When you design your processing topology, Kafka Streams can infer the configuration of the required resources.
The inference seems to work at first; however, as time passes, you may encounter new changes in your logic and default configuration that somehow surprises you.
I wanted to explain here how this can be avoided and how to take care of some technical aspects of Kafka Streams.

If you’ve found that Apache Kafka and Kafka Streams are the right tools to solve your problem, you’ll need to read the documentation, experiment with the code, and then find the right moment to run and deploy.

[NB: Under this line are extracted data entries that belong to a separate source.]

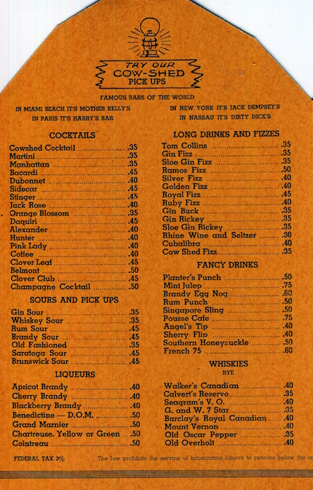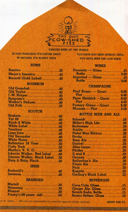 USA Michigan Detroit Menu Restaurant Cow Shed 1939 Inside 2
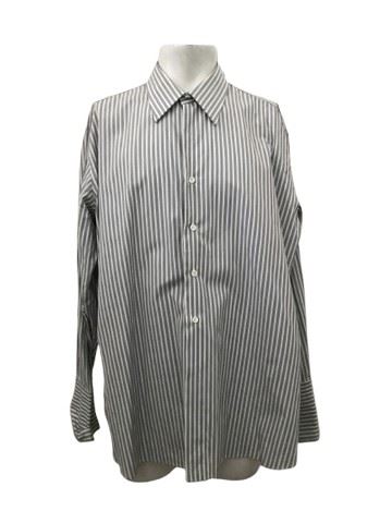 The End of the Affair (1999) - Henry Miles (Stephen Rea) screen worn, Anto of Beverly Hills custom dress shirt with grey and white stripe details. His initials are sewn into the collar with November 1998.
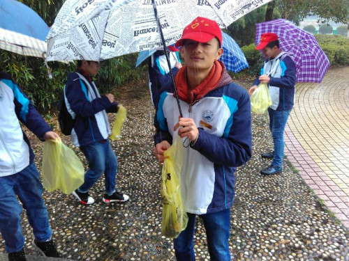 生态环境的保护是当今世界的一大主题。为当地环保作出一份贡献,5号下午,在雷锋日启动仪式结束后,基础医学院的志愿者们便前往南湖公园开展生态环境保护活动。虽然在我们抵达南湖公园不久后便下起了小雨,但是已经准备好面对这天气的志愿者们都选择了撑起我们的雨伞,继续开展活动。在雨中的南湖似乎特意为我们的到来与坚持展现出了平日无法窥见的静谧与魅惑,但是志愿者们只是匆匆一眼便继续埋头寻找破坏这份美好的一切。我们在雨中先是借助木棍挑出附着在绿化带中的顽固的塑料袋等垃圾,然后再把人行道中的垃圾用垃圾袋全部分类装好,最后我们还调查记录了公园垃圾分类情况。生态保护活动是我们今年首次开展,这受到了广大志愿者的积响应,同学们也借此机会向市民介绍了保护生态的重要性。
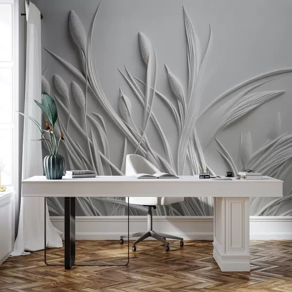 murais de parede Baixo-relevo com folhas delicadas e pampas w04247
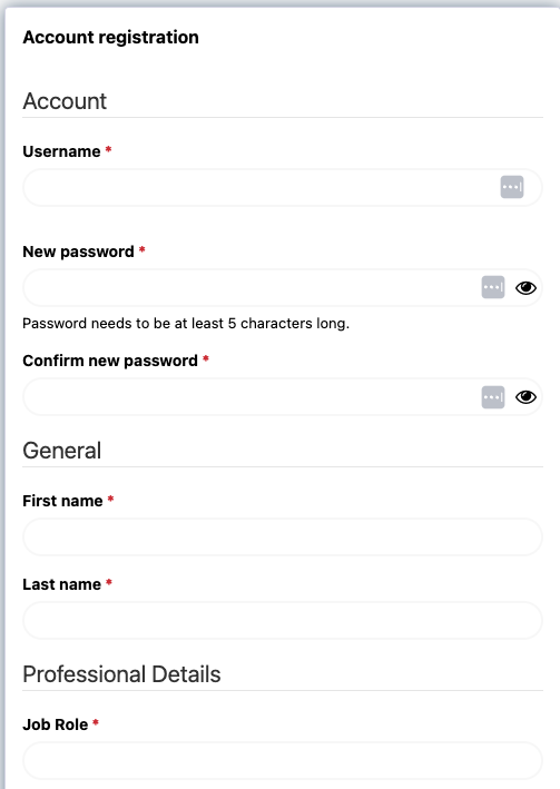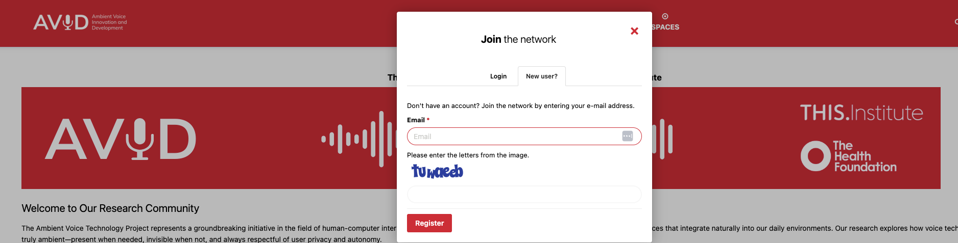 Go to https://ambientvoice.thiscovery.org and click Sign up - the Join the network screen will pop up.
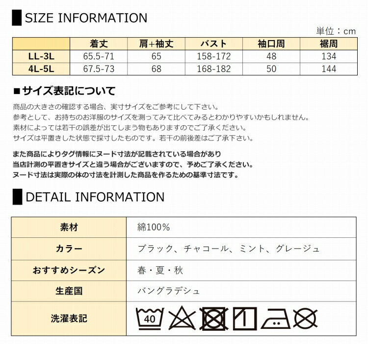 4L-5L:着丈67.5-73 肩+袖丈68 バスト168-182 袖口周50 裾周144
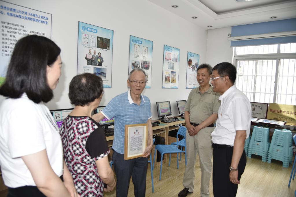 在江苏省老科协科普教育基地——姚鸿滨公益电子阅览室,陈卫听取了姚鸿滨关于目前服务社区居民、助力社区党建工作的情况,以及发挥自己所长不断为社会、为学校、为老同志服务的思考与实践。陈卫对姚鸿滨坚持离岗不离责、退休不褪色,主动请缨加入老科协,十几年如一日投入到社会公益服务、教学科研中去,并为援疆支教付出的巨大努力给予高度赞赏,充分肯定这些突出成绩都是一步步干出来的,真正体现了“老有所为”,仍可大有作为。
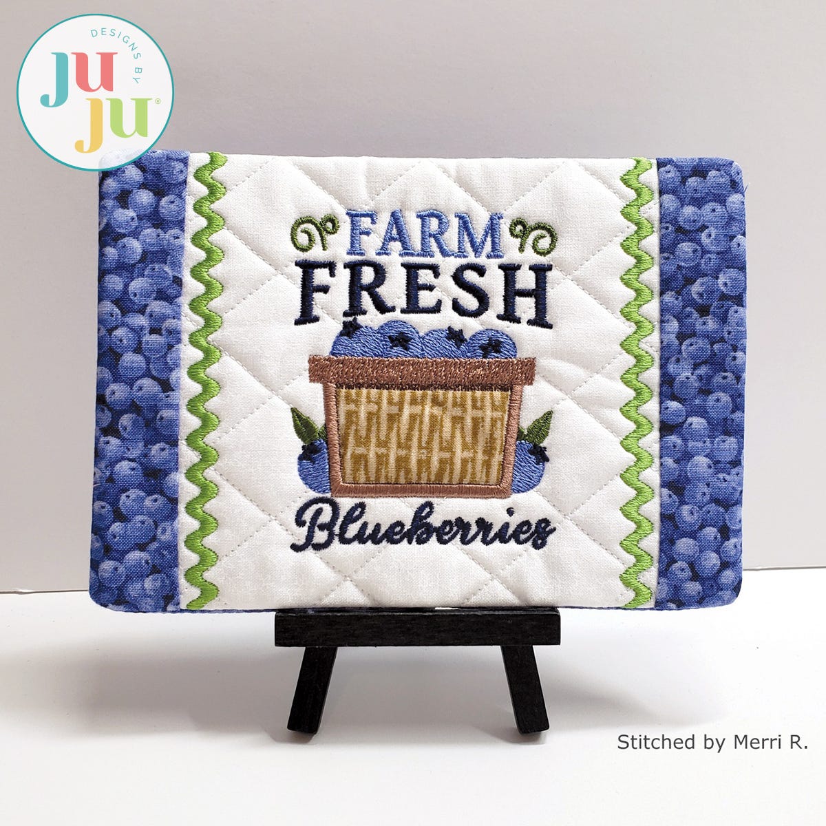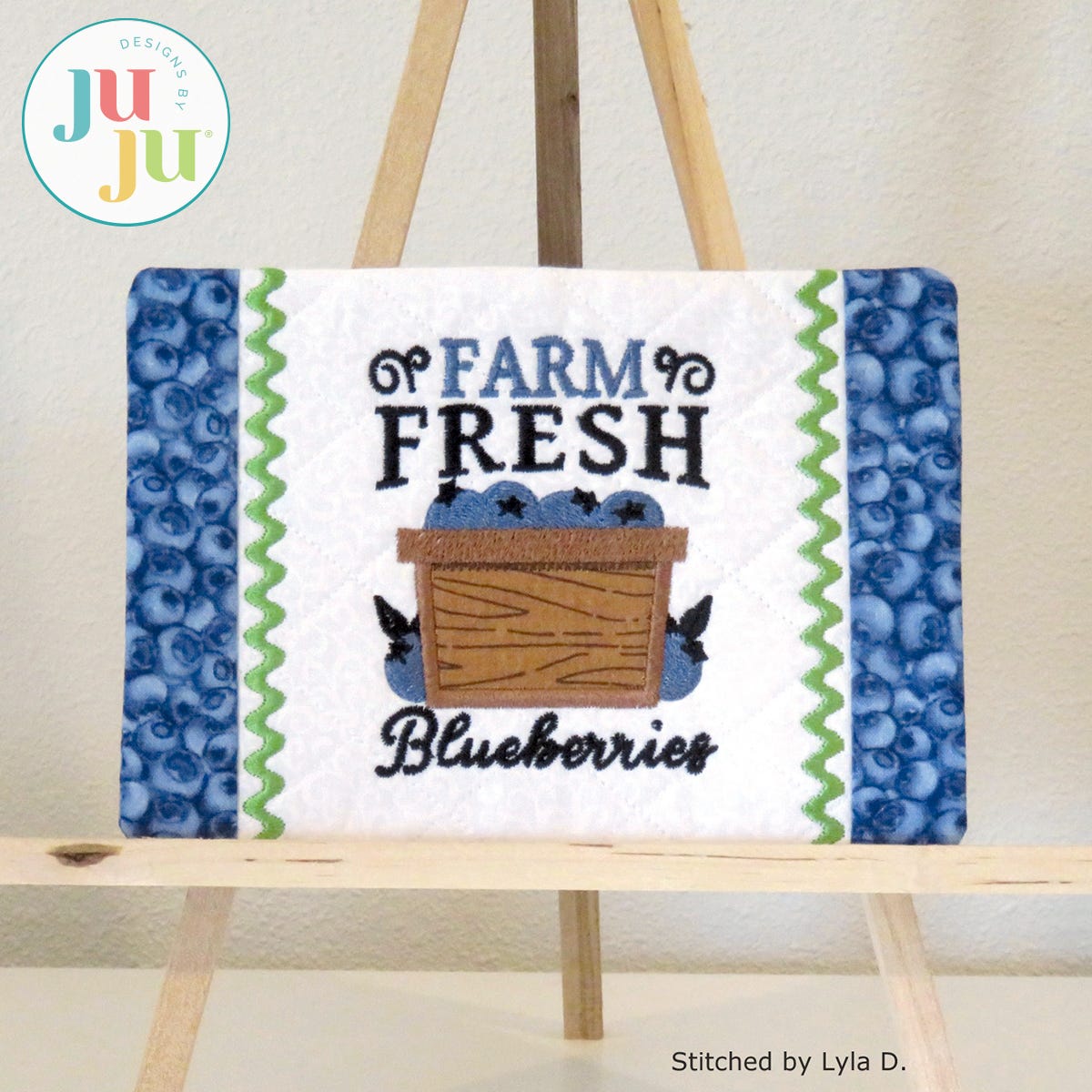 This Blueberry-themed mug rug stitches up quickly. The mug rug has an applique element and the background of the mug rug is quilted. The ricrac borders are part of the embroidery. This mug rug is completely finished in the hoop; no additional sewing machine or hand stitching required.
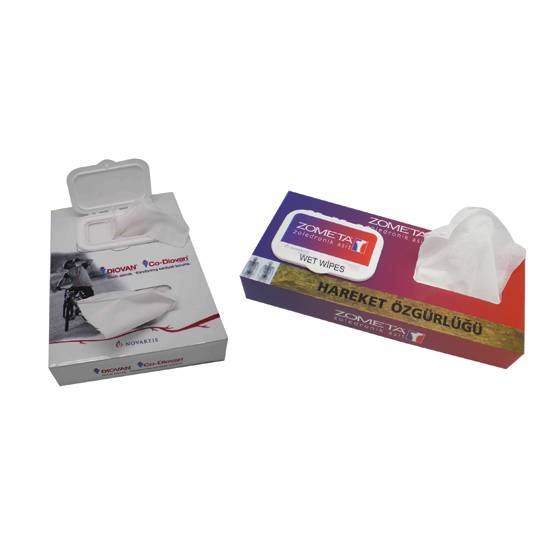 These are boxes for wet wipes with logos printed. Logos of your company can be freely printed on the boxes in order to achieve the promotional purpose. As a gift item for your customers, the boxes can help keep your clients clean, while promoting your company.
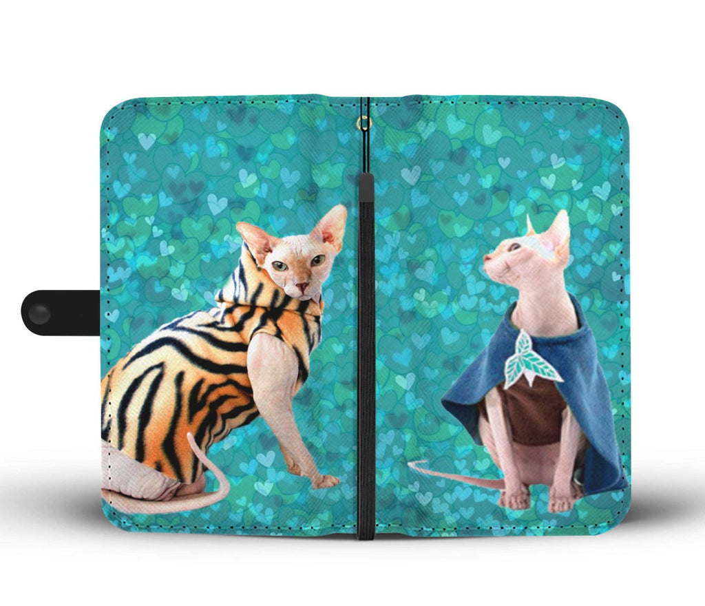 Lovely Sphynx Cat In Costume Print Wallet Case-Free Shipping
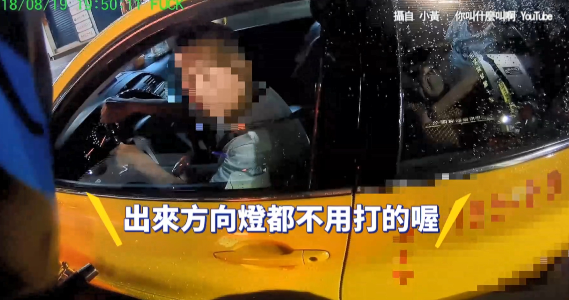 方向燈都不用打的喔?」小黃駕駛:「我剛剛切出來…」機車騎士:「方向燈有沒有打?怎樣,你有沒有看到後面的人?」小黃駕駛:「我看到。」機車騎士:「你知道後面快撞到嗎?喇叭按那麼大聲,快撞到不知道嗎?」小黃駕駛:「你叫什麼叫呀。」
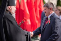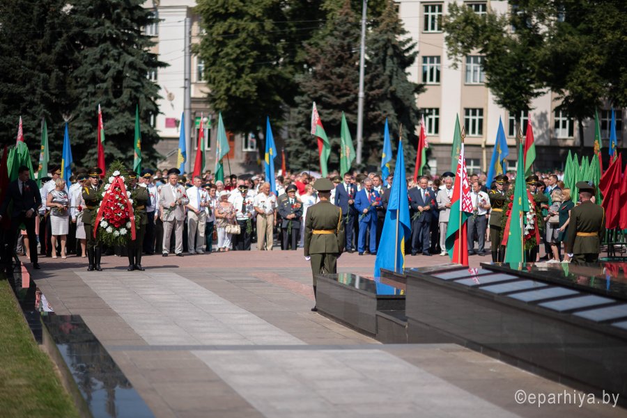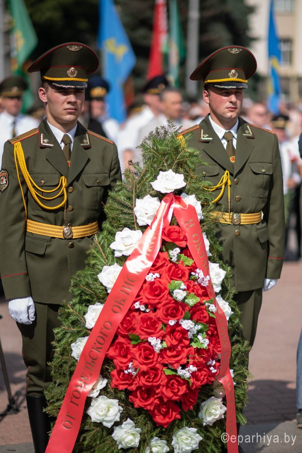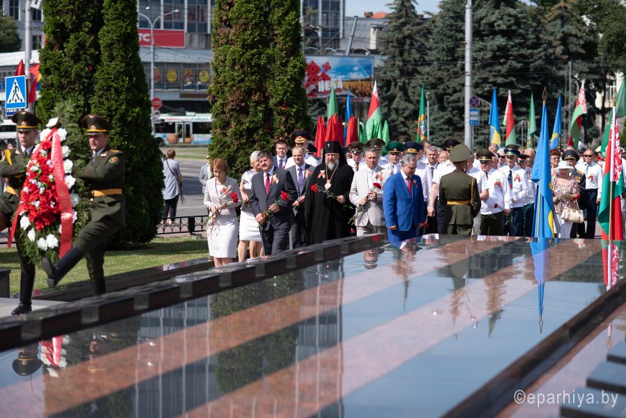 Высокопреосвященнейший Стефан, архиепископ Гомельский и Жлобинский, 3 июля 2020г. принял участие в торжественном митинге, посвященном Дню независимости Республики Беларусь и 76-й годовщине освобождения Республики Беларусь от немецко-фашистских захватчиков. В митинге приняли участие руководители области и города Гомеля, ветераны и труженики тыла, представители трудовых коллективов предприятий, организаций и общественных объединений, парламентарии и военнослужащие. Митинг, состоявшийся на площади Труда, завершился церемонией возложения цветов и венков к братской могиле советских воинов и подпольщиков. Участники митинга почтили память всех погибших минутой молчания. |
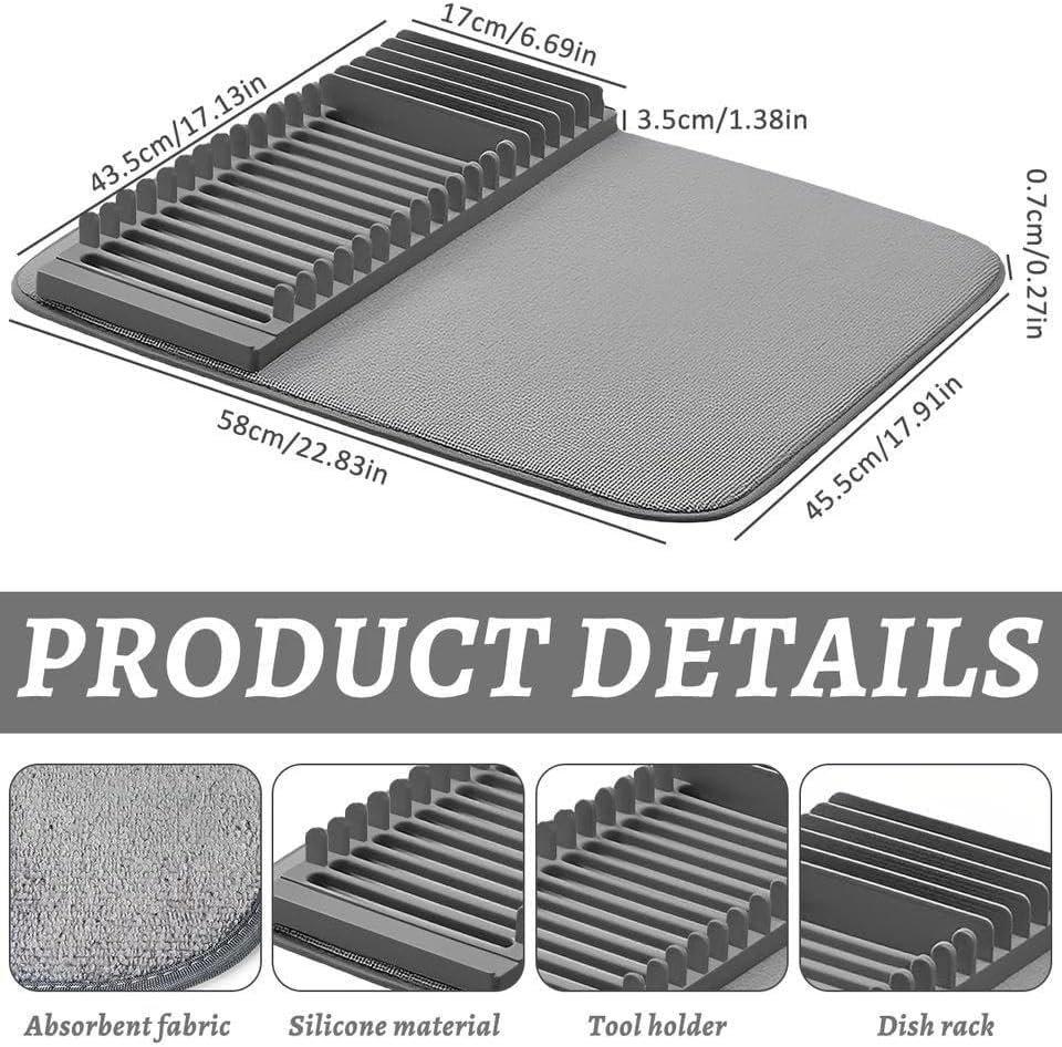 Generic - بساط تجفيف اطباق مبطن من المايكروفايبر + حامل ملاعق - منظم مطبخ احترافي واعلى جودة
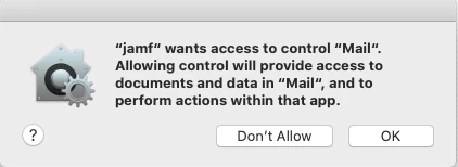 Somewhere around macOS 10.15.5 or so several of my users began receiving a pop-up message from Jamf requesting access to Mail. If you make a selection from the prompt it does create an entry in Security & Privacy under Automation. I worked with an engineer at Jamf on the issue and they were not able to replicate it in their test environment or determine the cause in our environment. It seems to be connected to inventory collection and I can replicate the issue consistently
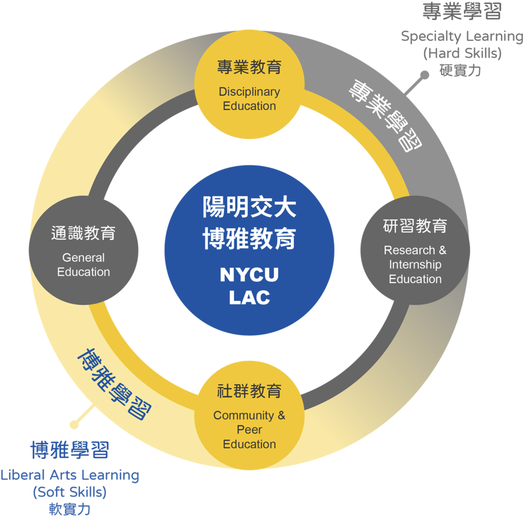 關懷人本價值的陽明交大博雅教育乃是融合 「專業教育」、「通識教育」、「研習教育」和「社群教育」的「多元跨域」教育模式;推動課堂內、課堂外以及住宿學習等全方位的博雅學習理念;培養出擁有寬廣的視野以及核心能力的π型人才,能掌握時代脈動,設計出新的社會。
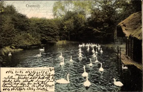 Ak Chemnitz in Sachsen, Schlossteich, Schwäne
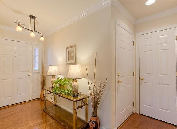 Maintenance-free living in Midlothian! Wheel chair accessible! The yard is maintained, the snow is cleared, and the home's exterior is cared for by the HOA (roof, siding, trim painting, power-washing is all on a regular schedule). There are no steps to the home in front or back, and both rear doors are extra-wide for ease of access. Inside, you'll find high ceilings, freshly-polished hardwood flooring, plantation shutters, updated lighting, and lovely crown molding & trimwork. The kitchen features stainless appliances, Corian countertops & center island. Beautiful sunroom is inviting year-round, with views of the landscaped corner lot. First floor owner's suite is complete with walk-in closets and gorgeous French doors to the patio; large bath includes spacious walk/roll-in tile shower. A comfortable screened in porch with knee-wall and two adjacent patios is accessed through doors from the owners suite. Second bedroom with full bath is on the main level. Upstairs, the third and fourth bedrooms are ideal for guests: window seat, large walk-in closets & private full bath. Need storage? There is a spacious walk-in unfinished areas equipped with warehouse shelving. This quiet section of Charter Colony also enjoys access to pools, tennis, playgrounds & sports courts. GREAT location close to shopping, dining, hospitals & interstates!
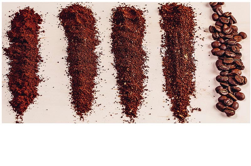 咖啡粉从细粉到粗粉依次排列。萃取时一定要选择合适的研磨粒度,否则会影响咖啡的口感和风味。极细粉没有在图片中列出,这种粒度的咖啡粉适合土耳其咖啡的萃取
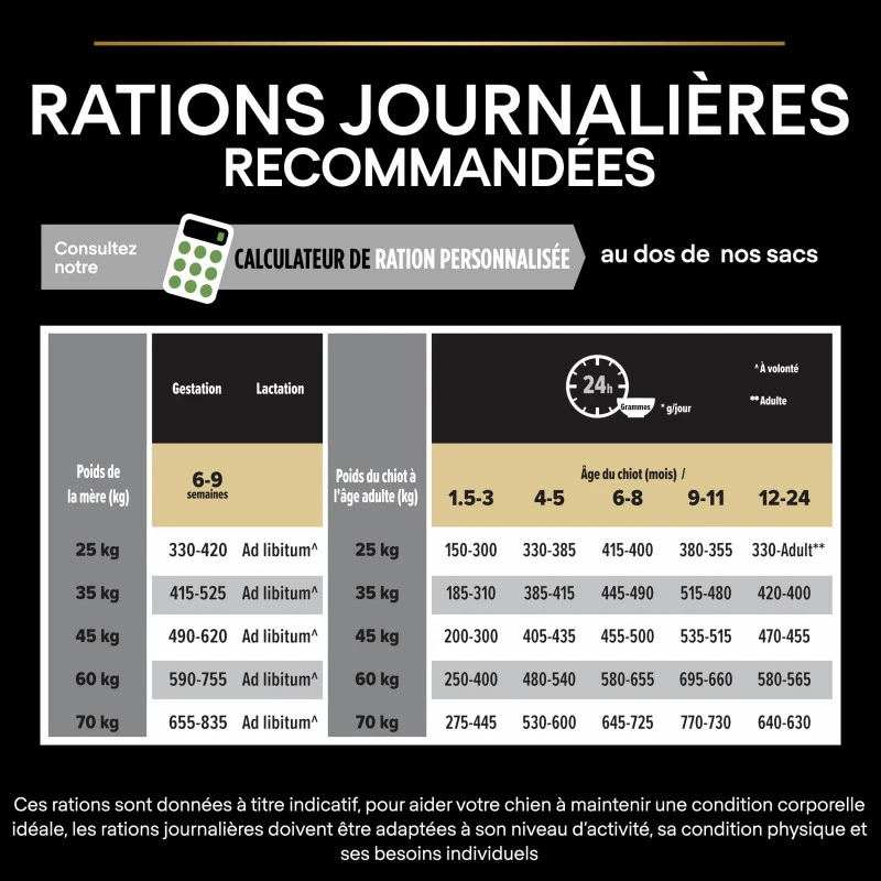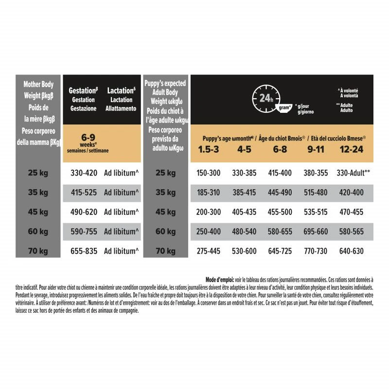 - Cette alimentation répond aux besoins nutritionnels spécifiques des chiots de grande taille en pleine croissance.
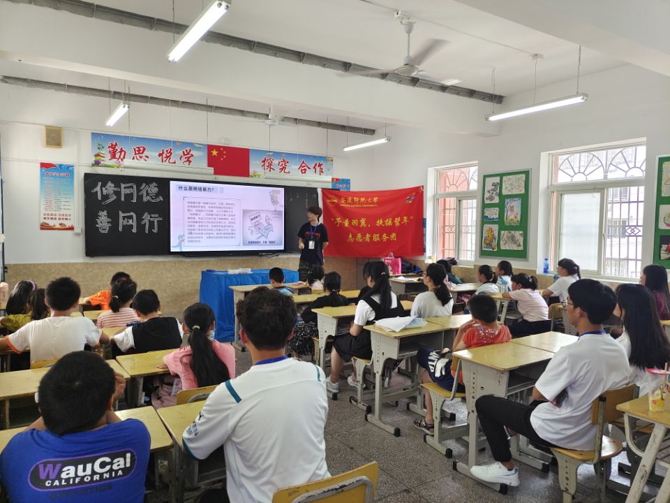 为积极响应国家号召,提高未成年人的网络素养以及运用法律保护自己的能力,公司“予童羽翼,扶摇髫年”暑期三下乡实践团于6月25日至26日前往依泽小学开展“以德治网,以法明纪”主题宣教活动。

Kafka Streams comes with handy data processing operators which are well wrapped into the DSL. So you can filter data, map one representation to another, route messages according to various criteria, and even aggregate and reduce the flow of information into time slices. Kafka Streams differentiate two types of operators: stateless and stateful. The latter require some kind of a store in which the state is saved, which is where the data dualism of Kafka Streams comes in. The state is saved in a local internal database as well in an internal Kafka Streams topic on a cluster.

These things usually work out-of-the-box. When you design your processing topology, Kafka Streams can infer the configuration of the required resources. The inference seems to work at first; however, as time passes, you may encounter new changes in your logic and default configuration that somehow surprises you.

I wanted to explain here how this can be avoided and how to take care of some technical aspects of Kafka Streams.

Lessons learned

We have already encountered such situations in our team. We were quite happy with a simple data flow which was expressed in Streams DSL. We configured only the necessary parts of intermediate topics or stores but later found that we had to change business logic. We did this as an intermediate step in our existing processing chain. This caused Kafka to build a new processing topology which didn’t fit well with the intermediate topic we already had filled with existing data. You can imagine the problems that this brought us.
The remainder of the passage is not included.